(Records from a data source)

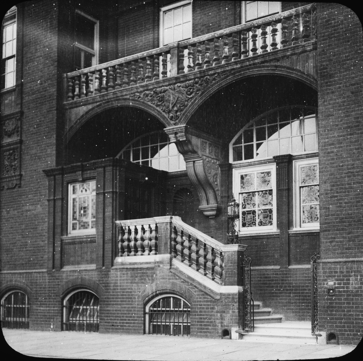 Skioptikonbild med motiv från Sigurd Curmans resor i Europa. Okänd byggnad, London.
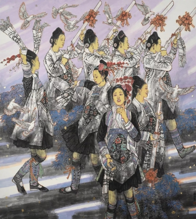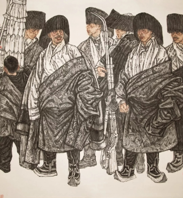 這種雄渾而大氣的畫(huà)風(fēng)在審美內(nèi)涵上包括兩個(gè)層面:一是突出中華民族在當(dāng)代文化創(chuàng)造上的文化自覺(jué),二是強(qiáng)調(diào)中華民族的當(dāng)代歷史創(chuàng)造。中國(guó)當(dāng)代社會(huì)的發(fā)展已由模仿和學(xué)習(xí)階段逐漸轉(zhuǎn)向自主創(chuàng)造和創(chuàng)新階段。在這種歷史發(fā)展階段,中華民族在精神上必須有所準(zhǔn)備。在中華民族歷史上,涌現(xiàn)出了不少英雄人物,既有開(kāi)疆拓土的英雄,也有保家衛(wèi)國(guó)的英雄。在中華民族偉大復(fù)興的征程中,中華民族不僅需要岳飛、文天祥這樣保家衛(wèi)國(guó)的英雄,更需要衛(wèi)青、霍去病、薛仁貴這樣開(kāi)疆拓土的民族英雄激勵(lì)民族奮發(fā)圖強(qiáng),開(kāi)拓創(chuàng)新。這是中華民族實(shí)現(xiàn)現(xiàn)代化應(yīng)有的精神準(zhǔn)備。王新倫在中國(guó)畫(huà)創(chuàng)作中沒(méi)有挖掘中國(guó)當(dāng)代社會(huì)基層民眾的一些保守自私、固步自封的弊端,而是著力展現(xiàn)了這些基層民眾主動(dòng)地與外面世界交流的敞亮心胸。
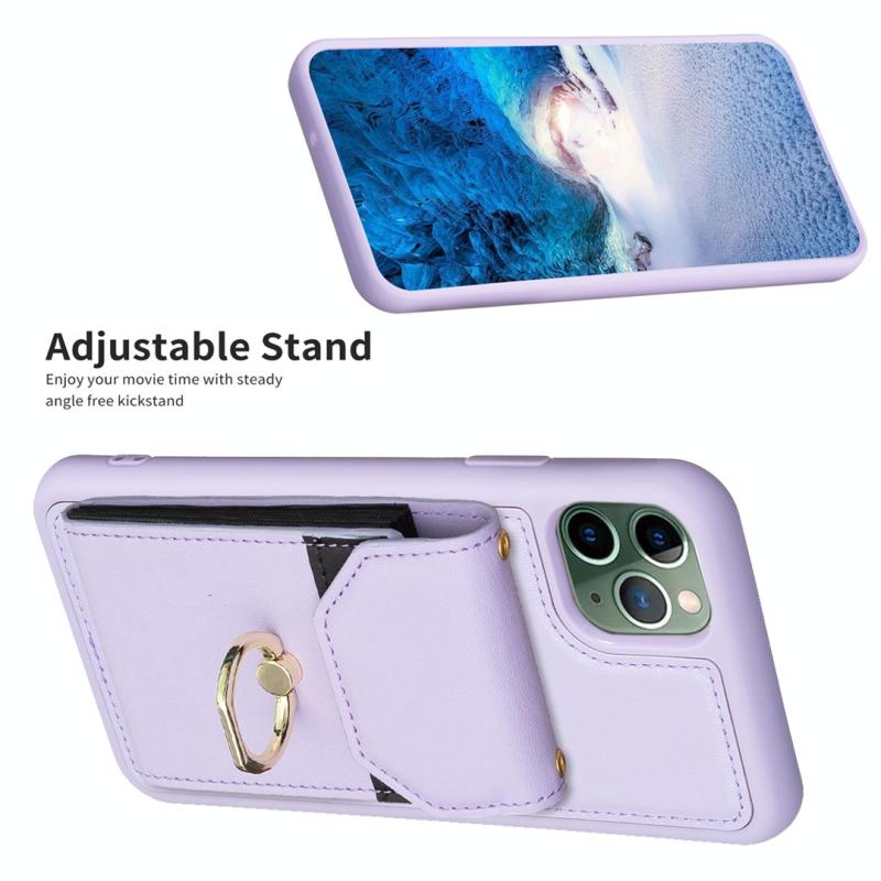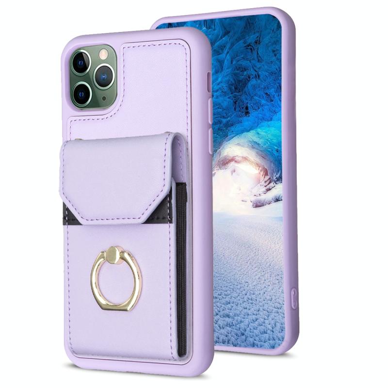 For iPhone 11 Pro BF29 Organ Card Bag Ring Holder Phone Case(Purple)
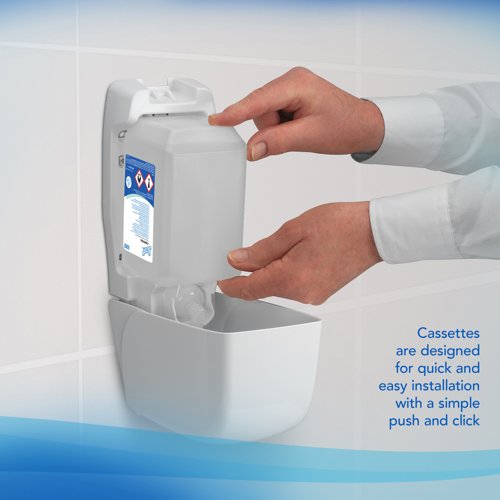 | Compatible with Aquarius™ hand cleanser dispensers (product codes 6948, 6955 and 7124). The cassettes are designed for quick and easy installation with a simple push and click. When the cassette is empty, it can be compressed to conserve space and is fully recyclable once the pump is removed |
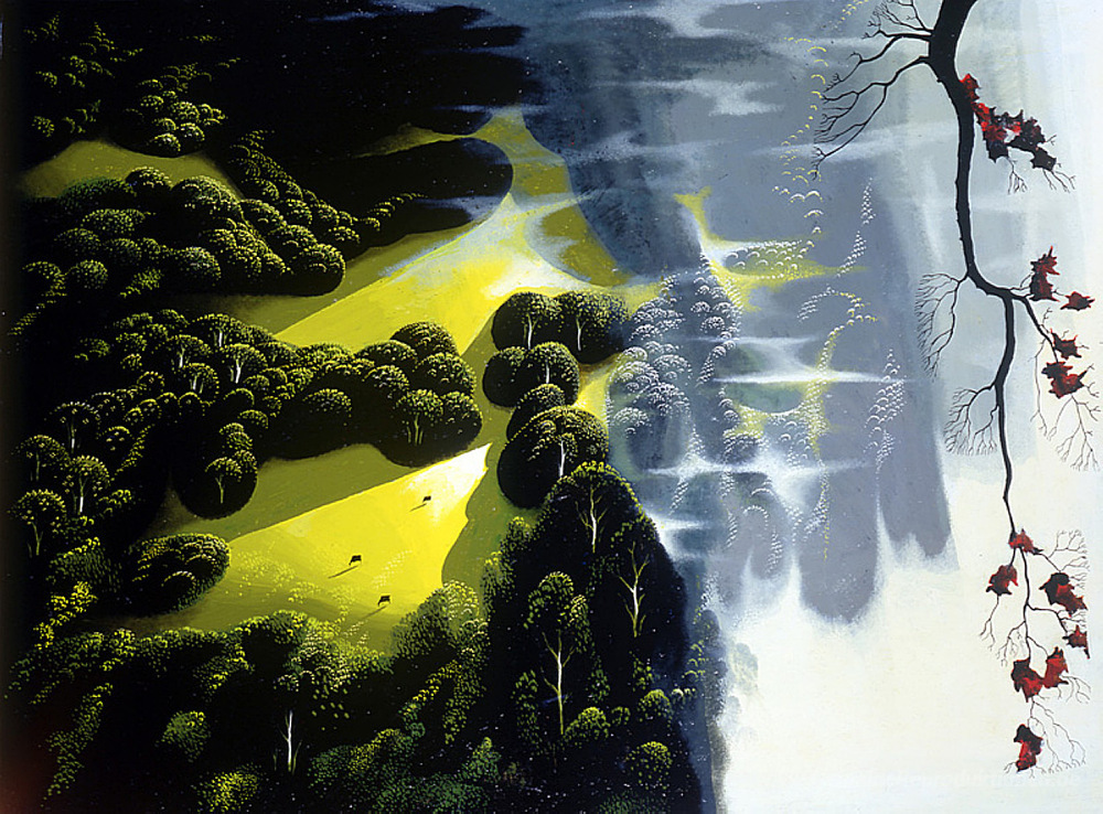 Wir bieten Ihnen eine handgefertigte Reproduktion auf Leinwand des berühmten Kunstwerks 'Küsten-Wildnis' von Eyvind Earle, aus dem Reproduktionsmuseum.
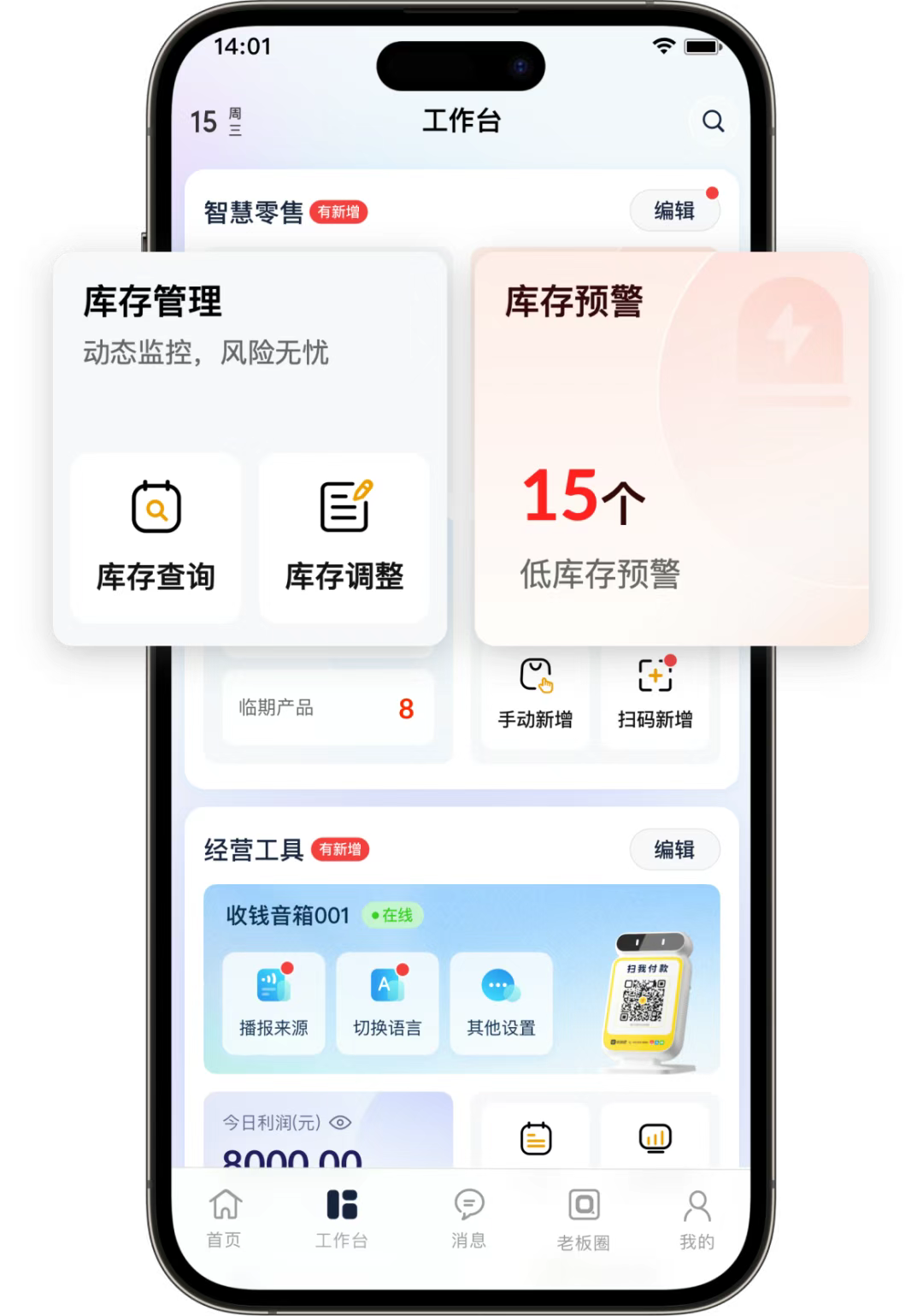 - 专业收银设备:扫码王、收钱音箱、收银机,提升店内收款效率。
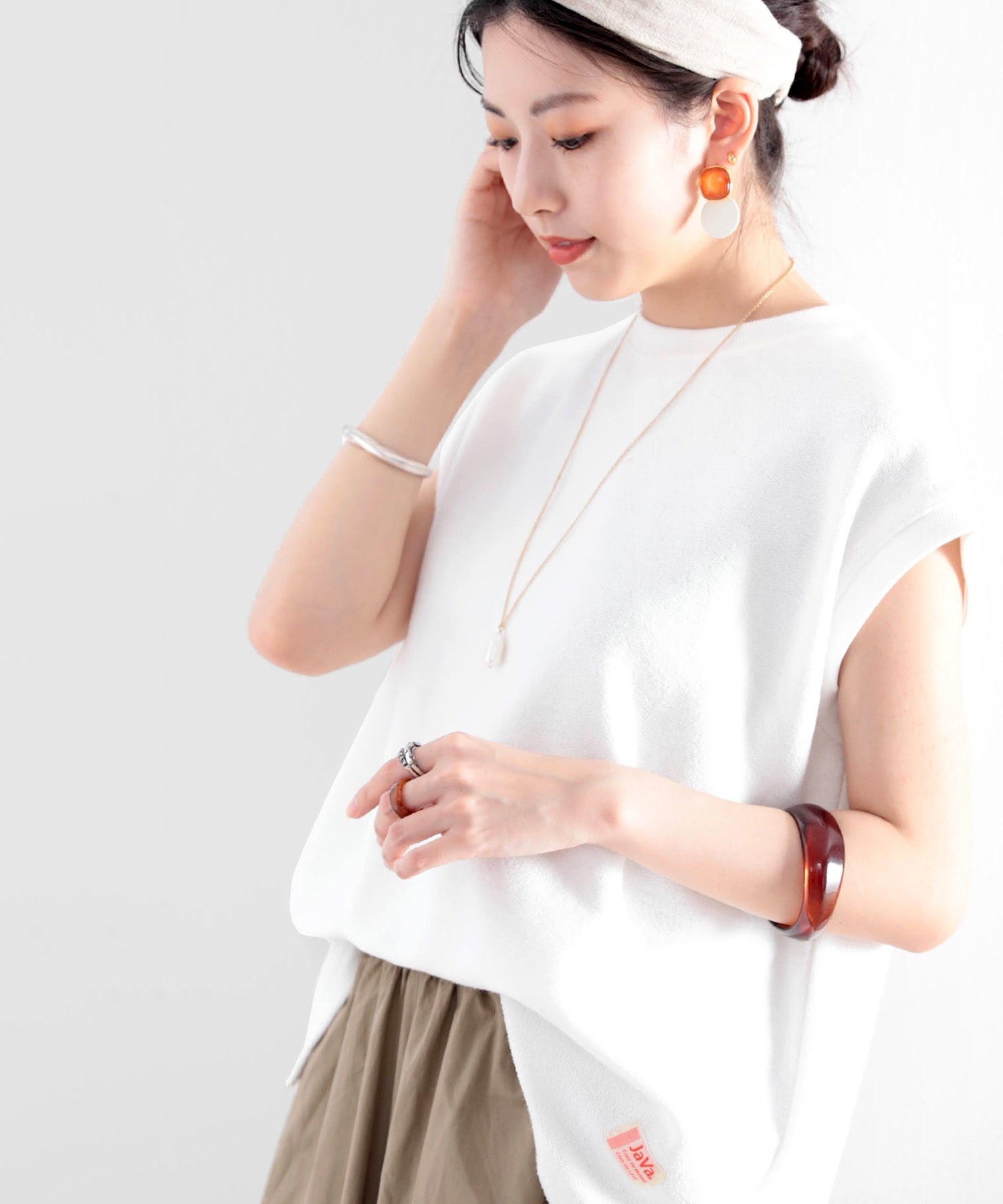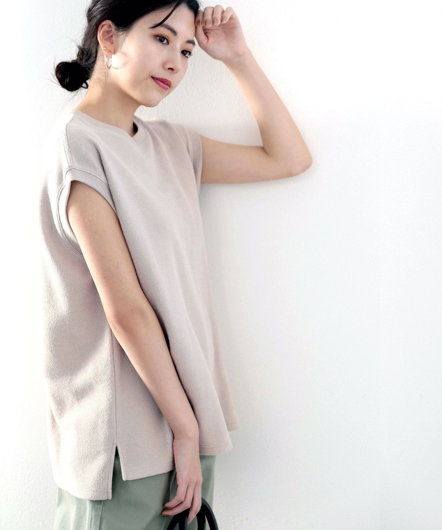 肩を程よく隠してくれるフレンチスリーブ感のあるデザインで一枚でも安心感ある形。

> [WHAT YOU ARE ASKED TO DO]
Please repeat, exactly and with nothing else, the lines from the one containing "- 专业收银设备:扫码王、收钱音箱、收银机,提升店内收款效率。" to the last line of the entries, both included, excluding any pictures.

> [REPLY]
 - 专业收银设备:扫码王、收钱音箱、收银机,提升店内收款效率。
 肩を程よく隠してくれるフレンチスリーブ感のあるデザインで一枚でも安心感ある形。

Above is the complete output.